Получив такой решительный отказ, Печорин, как вы сами можете догадаться, не удивился: он приготовился к такой развязке и даже желал ее. Он отправился на Морскую, сани его быстро скользили по сыпучему снегу: утро было туманное и обещало близкую оттепель. Многие жители Петербурга, проведшие детство в другом климате, подвержены странному влиянию здешнего неба.
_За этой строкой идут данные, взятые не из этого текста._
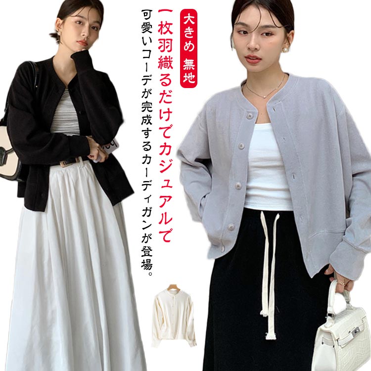 カーディガン レディース スウェットカーデ 長袖 クルーネック トップス トレーナレディースファッション トップス カーディガン ボレロ
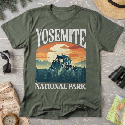 Show off your love of California and Yosemite's iconic Half Dome, with our Vintage Yosemite National Park Shirt! This shirt makes a great gift for that mountain climber or adventure enthusiast in the family, and is all about embracing the rugged beauty of the High Sierra! It features a custom sunset design that showcases the incredibly unique peak of Half Dome which the park is known so well for! The "comfort colors" garment-dyed vintage cotton fabric has that comfy, lived-in feel, that's like a hug every time you put it on! Now you can take a bit of Yosemite with you wherever you go! Grab one now and hit the trail!
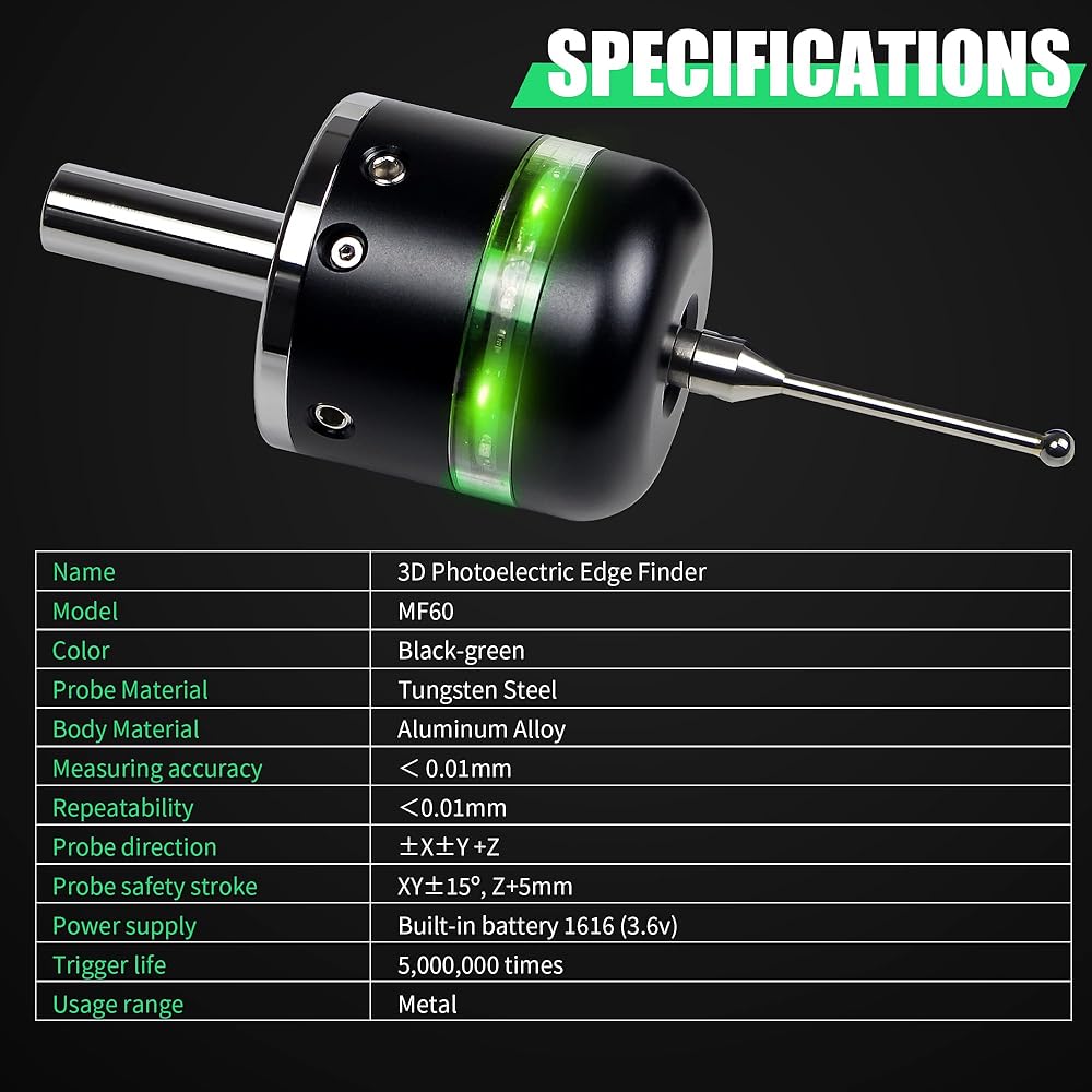 【Package included】1x MF60 3D Edge Finder (Grey Black Color/Green Light)

Какое-то печальное равнодушие, подобное тому, с каким наше северное солнце отворачивается от неблагодарной здешней земли, закрадывается в душу, приводит в оцепенение все жизненные органы. В эту минуту сердце неспособно к энтузиазму, ум к размышлению. В подобном расположении находился Печорин. Неожиданный успех увенчал его легкомысленное предприятие, и он даже не обрадовался. Чрез несколько минут он должен быть увидеться с женщиною, которая была постоянною его мечтою в продолжение нескольких лет, с которою он был связан прошедшим, для которой был готов отдать свою будущность — и сердце его не трепетало от нетерпения, страха, надежды. Какое-то болезненное замирание, какая-то мутность и неподвижность мыслей, которые подобно тяжелым облакам осаждали ум его, предвещали одни близкую бурю душевную. Вспоминая прежнюю пылкость, он внутренне досадовал на теперешнее свое спокойствие.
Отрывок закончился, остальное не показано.